** The problem **
Copy the lines of the data below exactly, starting at the first and stopping after the line that contains "Brand new 1/24"; include no pictures.

● ● ● ●

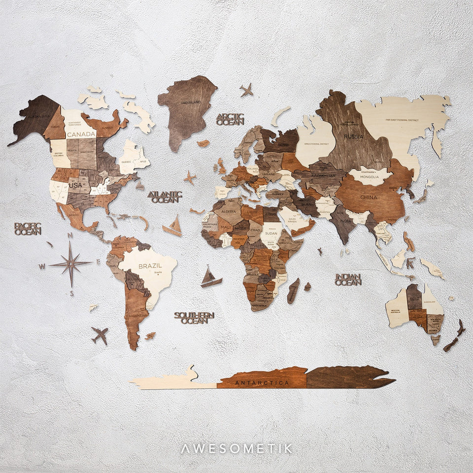 3D Perfection (3 wooden layers) 1. 3 layers for different countries 2. 4 different colors of wood pieces (light, brown, dark brown and light brown)
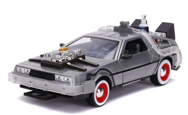 Brand new 1/24 scale diecast car model of DeLorean Brushed Metal Time Machine with Lights "Back to the Future Part III" (1990) Movie "Hollywood Rides" Series die cast model car by Jada.
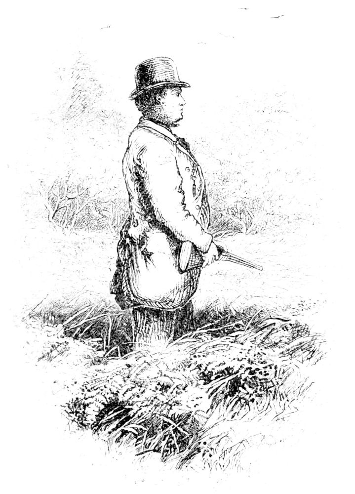 His dog-whistle hangs at his buttonhole. His pocket-knife is a basket of tools in itself, most probably a present from some youthful sportsman who was placed under his care to learn how to handle a gun. The corkscrew it contains has seen much service at luncheon-time, when under a sturdy oak, or in a sheltered nook of the lane, where the hawthorn hedge and the fern broke the force of the wind, a merry shooting-party sat down to a well-packed hamper and wanted some one to draw the corks. Not but what the back of the larger blade has not artistically tapped off the neck of many a bottle, hitting it gently upwards against the rim. Nor must his keys be forgotten. The paths through the preserves, where they debouch on a public lane or road, are closed with high-sparred wicket gates, well pitched to stand the weather, and carefully locked, and of course he has a key. His watch, made on purpose for those who walk by night, tells him the time in the densest darkness of the woods. On pressing a{10} spring and holding it near the ear, it strikes the hour last passed, then the quarters which have since elapsed; so that even when he cannot see an inch before his face he knows the time within fifteen minutes at the outside, which is near enough for practical purposes.
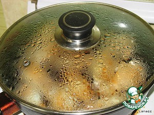 По истечении времени крышку снимаем и непрерывно переворачиваем крылышки до тех пор пока они не впитают в себя соус, и не пригорели. Всё это занимает приблизительно 15 - 20 минут.
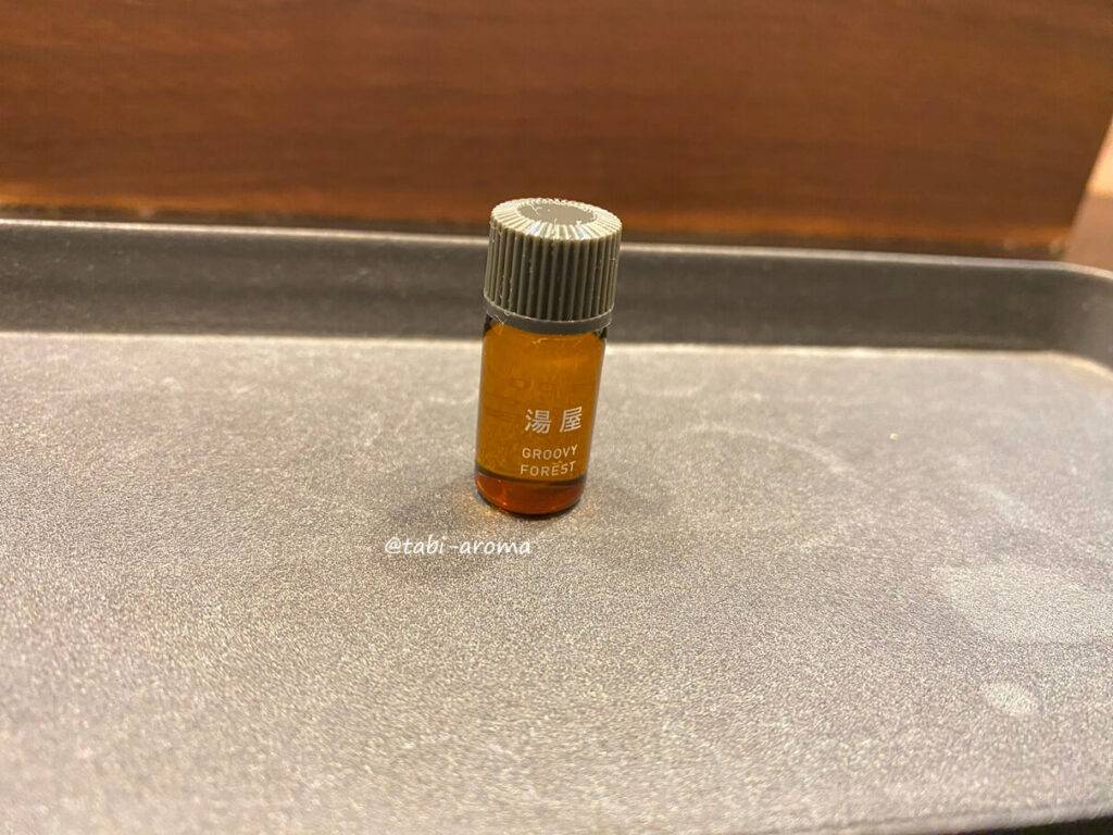 精油をお水に入れて、そのお水を柄杓ですくってサウナストーンにかける、ロウリュ(フィンランド語: löyly)もできます。ブレンドだったので細かな芳香成分は分かりませんが、ウッディ系の落ち着く香りでした。

● ● ● ●

** Task answer **
 3D Perfection (3 wooden layers) 1. 3 layers for different countries 2. 4 different colors of wood pieces (light, brown, dark brown and light brown)
 Brand new 1/24 scale diecast car model of DeLorean Brushed Metal Time Machine with Lights "Back to the Future Part III" (1990) Movie "Hollywood Rides" Series die cast model car by Jada.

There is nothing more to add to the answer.